Die Ergebnisse bestätigen, dass die Automatisierung der Bewertung nicht zugunsten eines speziellen Modells verzerrt ist, sondern objektiv funktioniert.Die technische Grundlage des Frameworks beruht auf dem Vergleich von Aussagen mit der gesamten Bandbreite der angegebenen Quellen, ohne dass eine direkte Verknüpfung zwischen einzelnen Aussagen und spezifischen Quellen zwingend vorausgesetzt wird. Dies erlaubt eine realistischere Bewertung, da Modelle häufig eine Liste von Quellen am Ende der Antwort liefern, ohne diese präzise einzelnen Teilen zuordnen zu können. Dennoch zeigt eine Analyse, dass auch bei Berücksichtigung mehrerer Quellen zur Unterstützung einer Aussage der Anteil der tatsächlich fundierten Aussagen weiterhin begrenzt bleibt, was den Handlungsbedarf unterstreicht.Die Herausforderungen dieser Art von automatisierter Quellenbewertung liegen vor allem in der Komplexität medizinischer Informationen, welche vielfältige Interpretationen zulassen.
Unterschiedliche Studien oder Quellen können leicht variierende Daten präsentieren, die dennoch valide sind. Beispielsweise finden sich unterschiedliche Altersgruppenangaben bei der Prävalenz einer Erkrankung, ohne dass sich eine Aussage per se als falsch erweisen muss. Ein automatischer Verifizierungsprozess muss daher auch die Variabilität und subjektiven Aspekte medizinischer Aussagen mit berücksichtigen, ohne zu hart zu werten.Als zukunftsweisend ist die Verfügbarkeit des Datensatzes mit den 800 medizinischen Fragen und den mehr als 58.000 Aussage-Quellen-Paaren zu sehen.

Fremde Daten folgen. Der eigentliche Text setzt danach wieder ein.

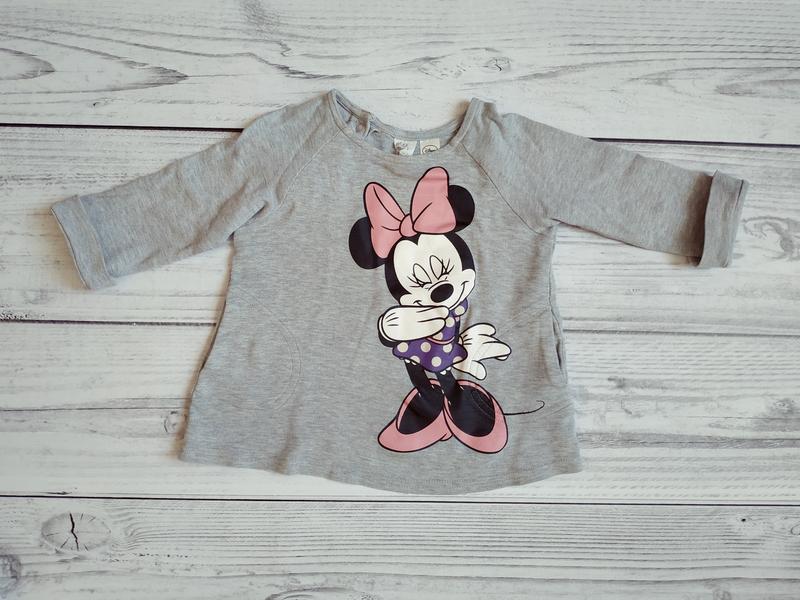 Кофта, туника Минни Маус. H&M, 12-18 мес, р. 86. Носилы к росту 116 см; никак не могли расстаться))) Качество шикарное. Есть маленькое пятнышко на рукаве, но она прячется под манжетиком, поэтому не заметно для окружающих. На плече застежки-кнопки для удобства одевания. Есть кармашки. Замеры: длина 38,5 см, пог 33 см, пот 34 см, пос 40 см, рукав (3/4) 32-34 см.
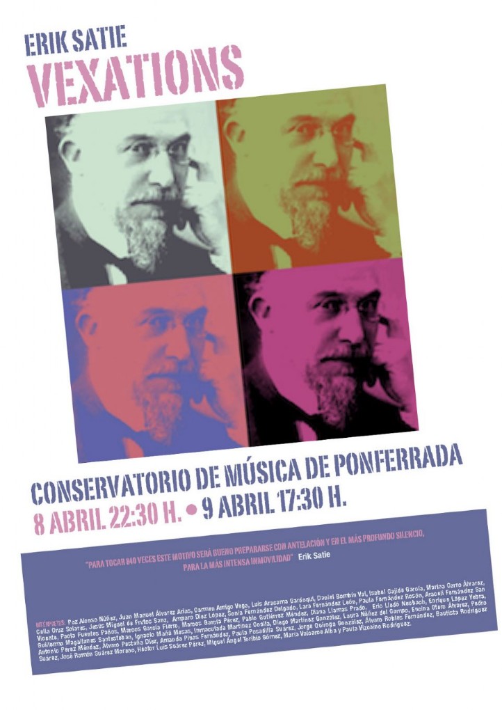 Los próximos días 8 y 9 de abril,  el Conservatorio “Cristóbal Halffter” de Ponferrada llevará a efecto una performance que, bajo el título de Proyecto Vexations y la coordinación de Luis Aracama y Jesús de Frutos permitirá asistir a la interpretación de las Vexations del compositor francés Eric Satie. El concierto, en el que participarán más de una treintena de pianistas, entre profesionales y estudiantes,  dará comienzo el día 8 de abril a las 22:30 h y tiene prevista su finalización unas 19 horas después. En el transcurso de la interpretación se proyectará un video realizado por el propio Luis Aracama.

Diese Ressource wird es ermöglichen, die Leistungsfähigkeit von LLMs über Zeit hinweg vergleichbar zu messen und Weiterentwicklungen besser zu bewerten. Geschlossene Modelle können so mit offenen Alternativen verglichen und trainiert werden, um eine höhere medizinische Zuverlässigkeit zu erreichen.Nicht zuletzt hat die Untersuchung auch eine gesellschaftliche Dimension: Die Verlässlichkeit von medizinischen Quellenangaben bei LLMs beeinflusst direkt das Vertrauen von Medizinern, Patienten und Regulatoren in die Technologie. Falsche oder nicht belegbare Auskünfte haben nicht nur das Potenzial, gesundheitlichen Schaden zu verursachen, sondern können auch dazu führen, dass vielversprechende Innovationen weniger schnell adaptiert werden. Eine transparente, automatisierte und skalierbare Bewertung der Quellenqualität ist damit eine wichtige Grundlage für die verantwortungsvolle Integration großer Sprachmodelle in den medizinischen Alltag.
Zusammenfassend lässt sich festhalten, dass automatisierte Frameworks zur Überprüfung der Quellenangaben von LLM-Antworten essentiell sind, um die wissenschaftliche Fundierung, Transparenz und Sicherheit bei der Nutzung von KI im Gesundheitswesen sicherzustellen. Die Ergebnisse zeigen gleichzeitig den aktuellen Stand der Technik, weisen auf bestehende Defizite und geben zugleich wichtige Impulse für zukünftige Verbesserungen. Vor allem die Kombination aus automatisierter Erkennung, menschlicher Expertendienste und begleitender Modelloptimierung wird langfristig den medizinischen Sprachmodellen zur notwendigen Vertrauenswürdigkeit verhelfen. Die Vision eines medizinisch kompetenten, transparenten und zuverlässigen KI-Assistenten rückt damit ein gutes Stück näher.